Mathematica 10 introduced a Benchmark and BenchmarkPlot functions in the included package GeneralUtilities. The latter automates and extends the process described in the Legacy section below. Version 10.1 also introduced RepeatedTiming which is like a refined version of timeAvg that uses TrimmedMean for more accurate results. Here is an overview of these functions.

Before using BenchmarkPlot one must load the package with Needs or Get. Its usage message reads:

enter image description here

Benchmark has a similar syntax but produces a table of numeric results rather than a plot.

The Options and default values for BenchmarkPlot are:

 TimeConstraint -> 1.`,
 MaxIterations -> 1024, 
 "IncludeFits" -> False,
 "Models" -> Automatic


  • BenchmarkPlot uses caching therefore if a function is changed after benchmarking its timings may not accurate in future benchmarking. To clear the cache one may use:

  • There is a bug in 10.1.0 regarding BenchmarkPlot; a workaround is available.

Legacy method

I described my basic method of comparative benchmarking in this answer:
How to use "Drop" function to drop matrix' rows and columns in an arbitrary way?

I shall again summarize it here. I make use of my own modification of Timo's timeAvg function which I first saw here. It is:

SetAttributes[timeAvg, HoldFirst]

timeAvg[func_] := Do[If[# > 0.3, Return[#/5^i]] & @@ Timing@Do[func, {5^i}], {i, 0, 15}]

This performs enough repetitions of a given operation to exceed the threshold (0.3 seconds) with the aim getting a sufficiently stable and precise timing.

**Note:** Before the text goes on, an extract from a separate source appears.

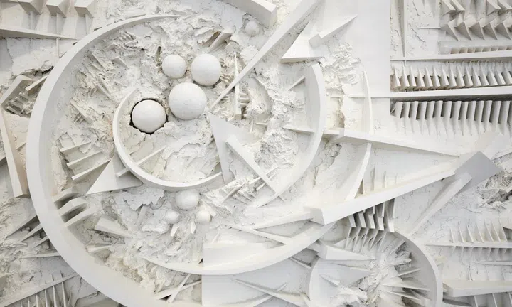 Indeed, for Pomodoro, sculpture is a way to understand the world and the signs, forms and materials of its civilisations real or imagined, explaining how his creations appear elemental yet futuristic and cannot be pigeonholed into any one specific artistic movement. Above is Movimento in Piena Aria e nel Profondo (1996-1997), or Movement in the Open Air and in the Depths, which is anchored by two curves and features reliefs influenced by Renaissance, Impressionism and Post-Impressionism, Cubism and Surrealism. The grand idea behind it: the ability to quantum-bend time and space.

I then use this function on input of several different forms, to try to get a first order mapping of the behavior of the function over its domain. If the function accepts vectors or tensors I will try it with both packed arrays and unpacked (often unpackable) data as there can be great differences between methods depending on the internal optimizations that are triggered.

I build a matrix of timings for each data type and plot the results:

funcs = {fooVersion1, fooVersion2, fooVersion3};

dat = 20^Range[0, 30];

timings = Table[timeAvg[f @ d], {f, funcs}, {d, dat}];


Mathematica graphics

Here with Real data as a second type (note the N@):

timings2 = Table[timeAvg[f @ d], {f, funcs}, {d, N@dat}];


Mathematica graphics

One can see there is little relation between the size of the input number and the speed of the operation with either Integer or machine-precision Real data.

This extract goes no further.